The Frienstein, also called the Vorderes Raubschloss, is a rock formation, about 130 metres high, in Saxon Switzerland. It lies on the northern slopes of the Großer Winterberg in the Affensteine rocks. On the rock there was once a watchtower of the Barony of Wildenstein. Today the Frienstein is a popular  climbing peak .

History 
Around 1410 a watchtower was erected on the Frienstein as a signal station by the Barony of Wildenstein that was owned by the family of Berka of Dubá. By this means it was possible for Frienstein to make contact with the surrounding watchtowers on the Winterstein, the Neuer Wildenstein and the Alter Wildenstein. In 1451 the Frienstein together with the rest of the barony went to the House of Wettin and thus to the Electorate of Saxony.

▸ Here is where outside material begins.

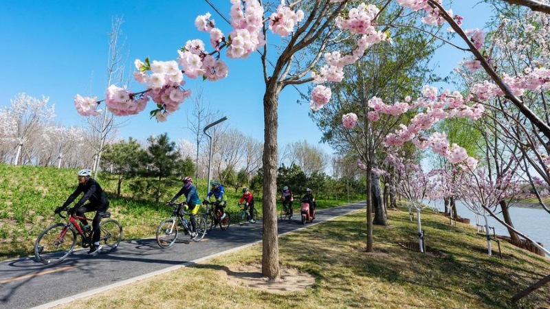 北京の河岸で花見頃 水辺の景観が向上

In the period that followed, robber knights lodged on the Frienstein, even in 1479 one of their workers conceded that "item near Frienstein is a trap..., where those who are caught are tormented" (item beym Freynstein ist eyn loch ..., do man die gefangen eynfurt zu peynigen). On the first cartographic record in Saxony, a map dating to  1592 by Matthias Oeder, the rock is marked as Freystein.

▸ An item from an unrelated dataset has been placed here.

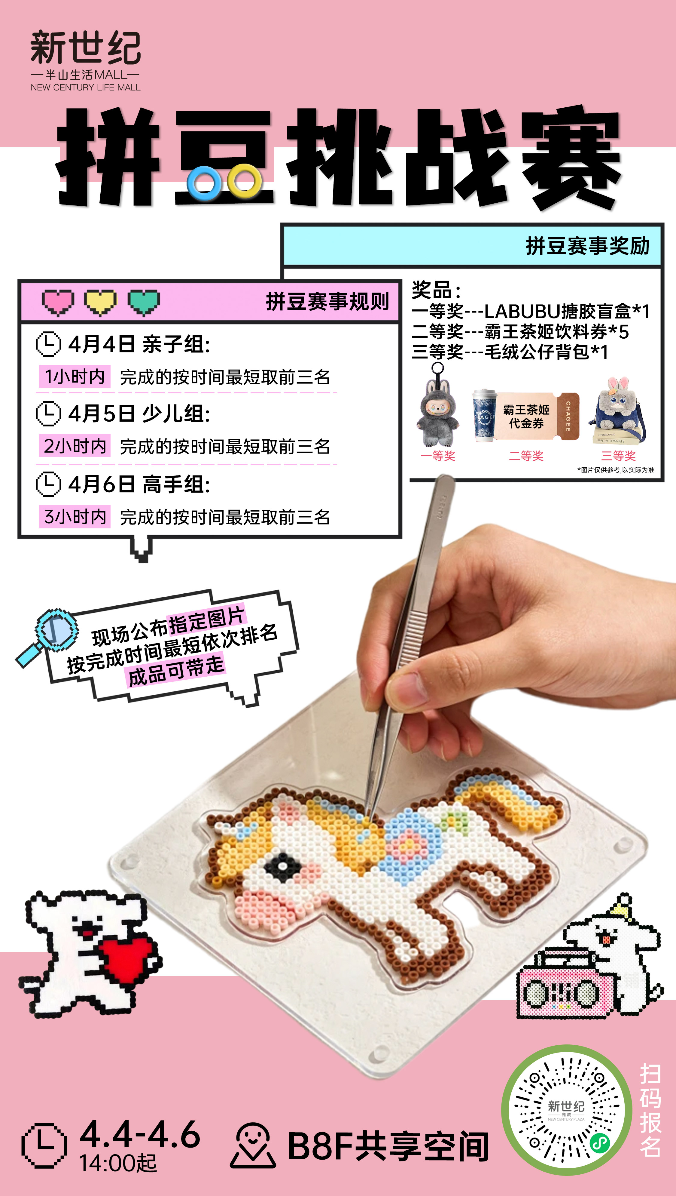 1、拼豆所有工具均由主办方提供,成品可带走;

On the present-day climbing route called the Alter Weg ("Old Way") one can still see the rebates and steps cut out of the rock that were once used to climb it. Even on the summit area there are traces of the watchtower in the shape of rebates for anchoring a wooden observation post.
On the eastern side at the foot of the rock is the Ida Grotto (Idagrotte), a large crevice and bedding cave, that is nowadays a popular destination. It can only be reached over a narrow band of rock. In the grotto there are still traces of its medieval use as a living area.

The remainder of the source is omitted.